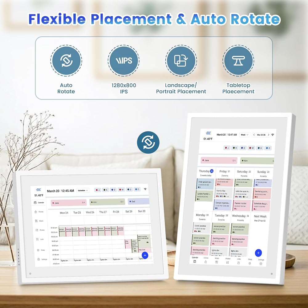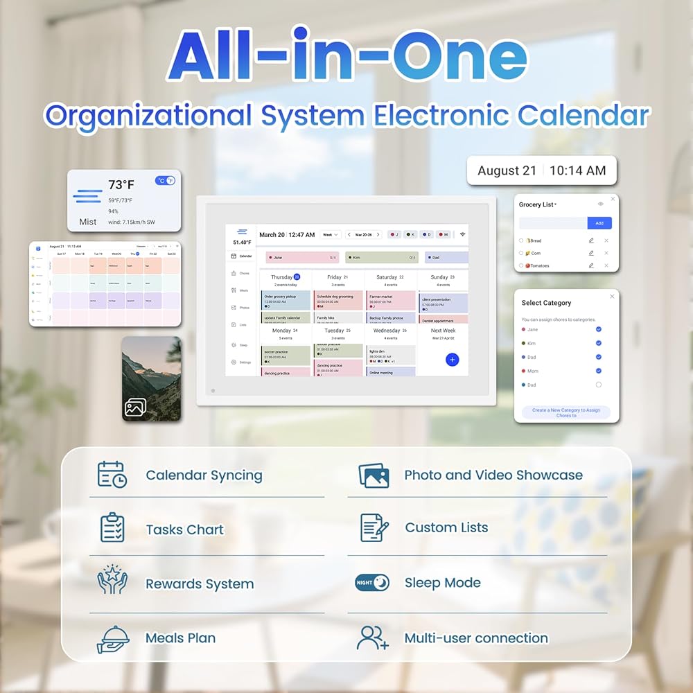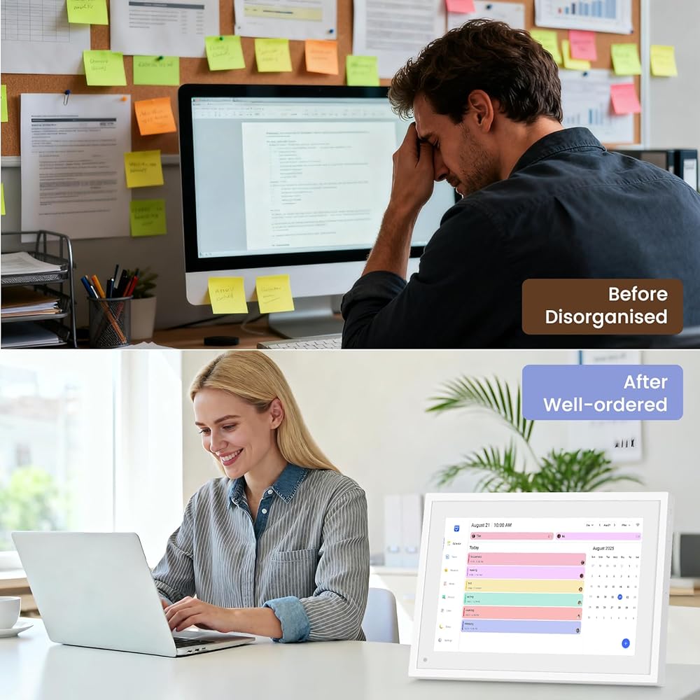 【قابلية للتكيف متعدد المشاهد】يتكيف تقويم شاشة اللمس بمرونة مع المطابخ وغرف الدراسة وغرف المعيشة. يندمج تصميم الإطار الأبيض بسلاسة مع البيئات المنزلية الحديثة.
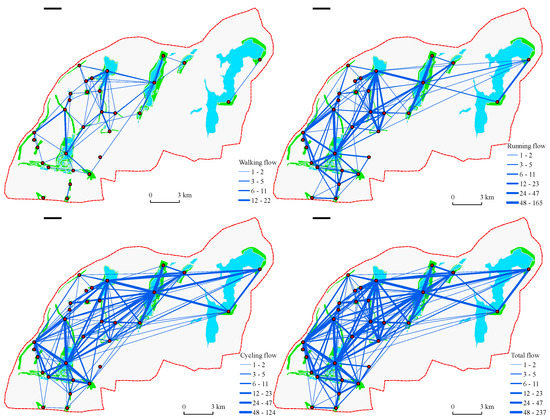 Moreover, this study calculated the proportion of the flow of the different types of exercise under the given distances. It was found that people performed different types of exercise at different distances. With the increase in distance, the proportion of the walking and running flow decreased, while that of the cycling flow gradually increased. The running flow accounted for the largest proportion at 0–2 km (61.39%), but when the distance increased to 2–4 km, the cycling flow accounted for more than half of the total flow. When the distance was greater than 6 km, the cycling flow dominated.
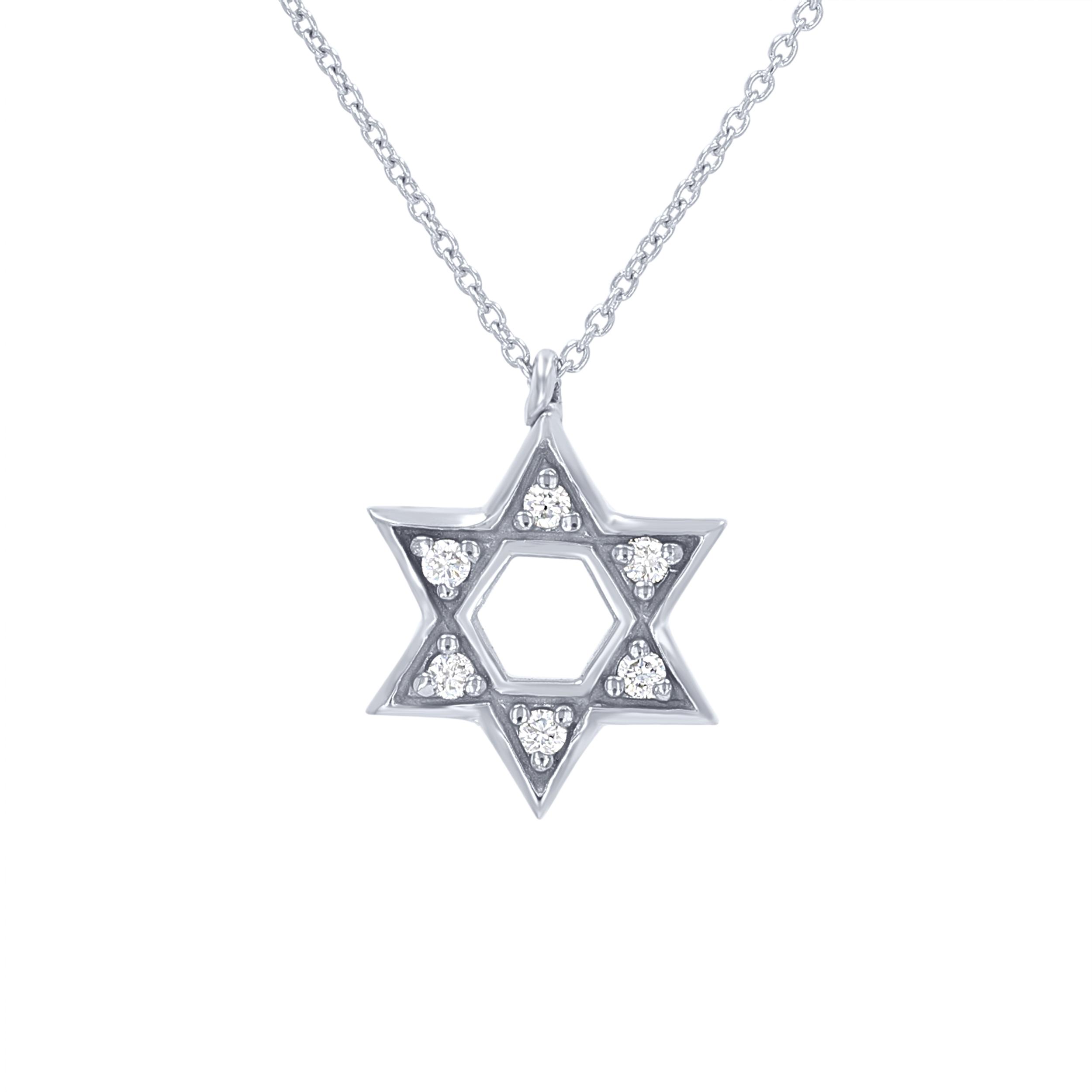 This delicate Star of David pendant features round brilliant cut diamonds totaling 0.10 carats.
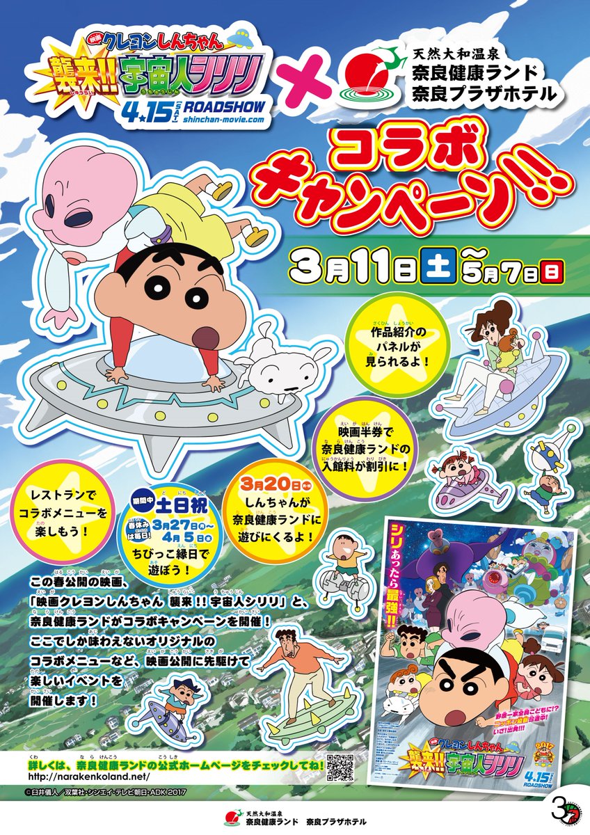 奈良健康ランド 奈良プラザホテル 公式 on twitter 映画 クレヨンしんちゃん 爆盛 カンフーボーイズ 拉麺大乱 コラボイベントに 多数ご参加頂き有難うございました w 映画チケット半券での割引は 引き続き実施中です しんちゃんの映画を見てから

---------------

Assignment: Give the data again exactly, image-free.

Result:
 【قابلية للتكيف متعدد المشاهد】يتكيف تقويم شاشة اللمس بمرونة مع المطابخ وغرف الدراسة وغرف المعيشة. يندمج تصميم الإطار الأبيض بسلاسة مع البيئات المنزلية الحديثة.
 Moreover, this study calculated the proportion of the flow of the different types of exercise under the given distances. It was found that people performed different types of exercise at different distances. With the increase in distance, the proportion of the walking and running flow decreased, while that of the cycling flow gradually increased. The running flow accounted for the largest proportion at 0–2 km (61.39%), but when the distance increased to 2–4 km, the cycling flow accounted for more than half of the total flow. When the distance was greater than 6 km, the cycling flow dominated.
 This delicate Star of David pendant features round brilliant cut diamonds totaling 0.10 carats.
 奈良健康ランド 奈良プラザホテル 公式 on twitter 映画 クレヨンしんちゃん 爆盛 カンフーボーイズ 拉麺大乱 コラボイベントに 多数ご参加頂き有難うございました w 映画チケット半券での割引は 引き続き実施中です しんちゃんの映画を見てから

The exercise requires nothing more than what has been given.